For several years, beginning in 2020, cycling or walking up and down Avenida de Ceuta in Lisbon was part of my daily routine. It is one of the city's green corridors, an integral section of the fourth ring road of Lisbon, where three lanes in each direction are often not enough to accommodate the volume of traffic and the urgency of those passing through. There is a palpable sense of haste among drivers on the avenue, as if they are moving through a place that exists primarily as a transit route for entering or leaving the city. On Fridays, queues heading towards the 25 de Abril bridge stretch along the avenue, and pedestrians simply trying to cross it can find themselves stuck for long periods of time.
Yet beyond the trees, there is little to suggest the avenue is a green corridor at all. The pavements are uneven and incomplete, pedestrian crossings are scarce, and some bus stops remain isolated with no clear route leading to them. Between the volume of traffic and the difficulty of getting around on foot, the avenue remains above all a channel for the flow of vehicles.

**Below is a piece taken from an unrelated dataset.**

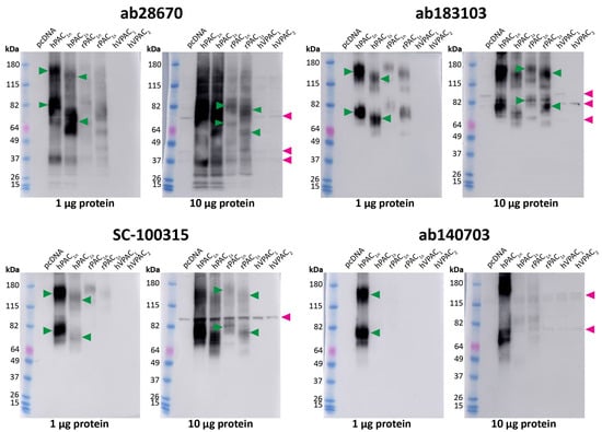 | Specificity * | Specificity | Detected Bands (~kDa) | Bands Consistent with Target a (~kDa) | Bands in pcDNA (~kDa) | ||

What first led me to photograph Avenida de Ceuta were the barriers erected around the viaducts, where people gathered daily to use drugs by the roadside. Fences were installed, and other sheltered areas were filled with earth in an effort to prevent their use. As these areas were gradually sealed off, I began paying closer attention to the forest and the small stretch of Monsanto Forest Park that runs alongside much of the avenue. The people who had once remained near the viaducts moved into more secluded and dispersed areas of the forest, building makeshift shelters farther from the view of those passing by.

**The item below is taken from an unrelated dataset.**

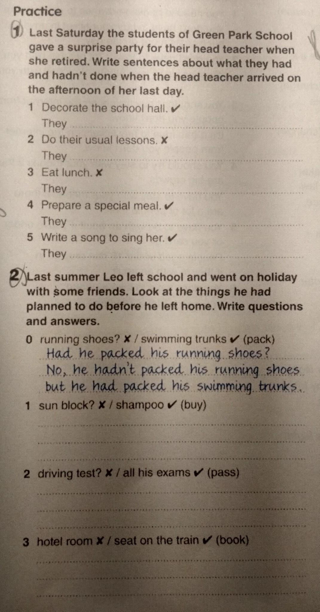 2. Had he bought his sun block? No, he hadn't bought his sun block, but he had bought his shampoo.

It is a landscape in constant transformation, where the trees mark the passage of the seasons. In spring and summer, dense vegetation conceals shelters and the people who inhabit them. In autumn and winter, when the leaves fall, they are revealed once again. Some improvised structures last for months, others only for days. The people remain, but the places they occupy are constantly shifting.
I continue to return to the avenue and photograph it, aware that there is still much to learn about it. More recently, the project has expanded into the three neighbourhoods built around it in the late twentieth century. I have spent increasing amounts of time with the people who live there, listening to their stories and gaining a deeper understanding of the area and its history.